More recent nonfiction about pharmaceutical drugs
December 5, 2013 10:59 AM   Subscribe

I love reading nonfiction about pharmaceutical drugs, their development, use, methods of action, etc. What's out there lately that I should read? Recent books I've read inside.

I loved both Bad Pharma (read it twice!) and Bad Science by Ben Goldacre, and just finished Phake by Roger Bate. Read The Emperor of All Maladies and The Immortal Life of Henrietta Lacks. I'm fixing to read Cracked by James Davies. I don't mind having to look things up that can be a bit complicated; it doesn't need to be strictly pop science or layman's terms. Bonus for Kindle books.
posted by fiercecupcake to Science & Nature (12 answers total) 27 users marked this as a favorite
It's getting a bit old (published in 2000), but take a look at Of Two Minds: The Growing Disorder in American Psychiatry. It's essentially an ethnography of the field by an anthropologist, and highly engaging while still being academic.
posted by The Michael The at 11:03 AM on December 5, 2013

The Billion Dollar Molecule by Werth. It's a little dated (1995) but super fun to read and provides a pretty accurate account of drug development.
posted by un petit cadeau at 11:26 AM on December 5, 2013

The Body Hunters by Sonia Shah, about clinical trials in Africa and Asia.
posted by ActionPopulated at 11:27 AM on December 5, 2013

Bad Blood: The Tuskegee Syphilis Experiment

Interestingly, this was written by the same guy who wrote the biography of Kinsey that formed the basis for the movie.
posted by janey47 at 11:41 AM on December 5, 2013

It's not pharma but is healthcare/medicine: if you haven't discovered Atul Gawande, he's a good read.
posted by MuffinMan at 11:49 AM on December 5, 2013 [1 favorite]
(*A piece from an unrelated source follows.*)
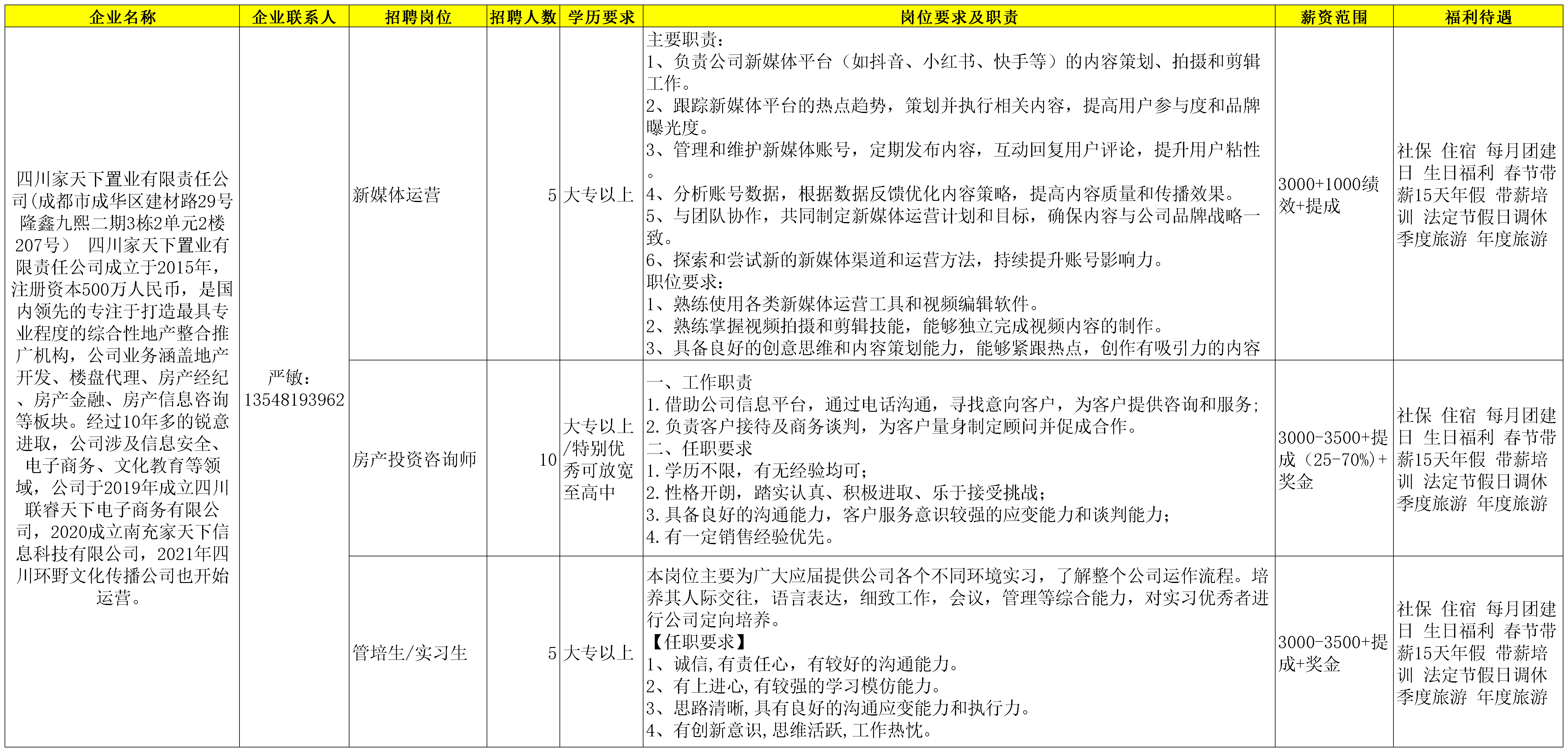 四川家天下置業(yè)有限責(zé)任公司招聘

Demon under the microscope. Fascinating book about the early development of antibiotics.
posted by u2604ab at 12:14 PM on December 5, 2013

It's not new, and a bit denser than most of those listed above, but Drug Discovery: A History is exactly what is title suggests, and is very good.
posted by James Scott-Brown at 12:33 PM on December 5, 2013

Speaking of Atul Gawande, I asked a similar (but more broad) question a couple of months ago and got a lot of great answers that might interest you.
posted by telegraph at 2:11 PM on December 5, 2013

I enjoyed The Cutter Incident, about the history of the polio vaccine. It's got a bit of science, a bit of intrigue, and a bit of politics.
posted by vasi at 2:53 PM on December 5, 2013

My standard answer to everything pharma related

In the pipeline on Xmas presents - books on medicinal chemistry/drug discovery and their coverage on A new yorker piece on Merck's development of drugs should get you going.
posted by lalochezia at 6:20 PM on December 5, 2013 [1 favorite]

The Philadelphia Chromosome: A Mutant Gene and the Quest to Cure Cancer at the Genetic Level discusses the development of Gleevec (imatinib) which is a miracle drug for leukemia with a particular genetic mutation.
posted by easy, lucky, free at 7:55 PM on December 5, 2013

I really enjoyed Vaccinated: One Man's Quest to Defeat the World's Deadliest Diseases by Paul Offit.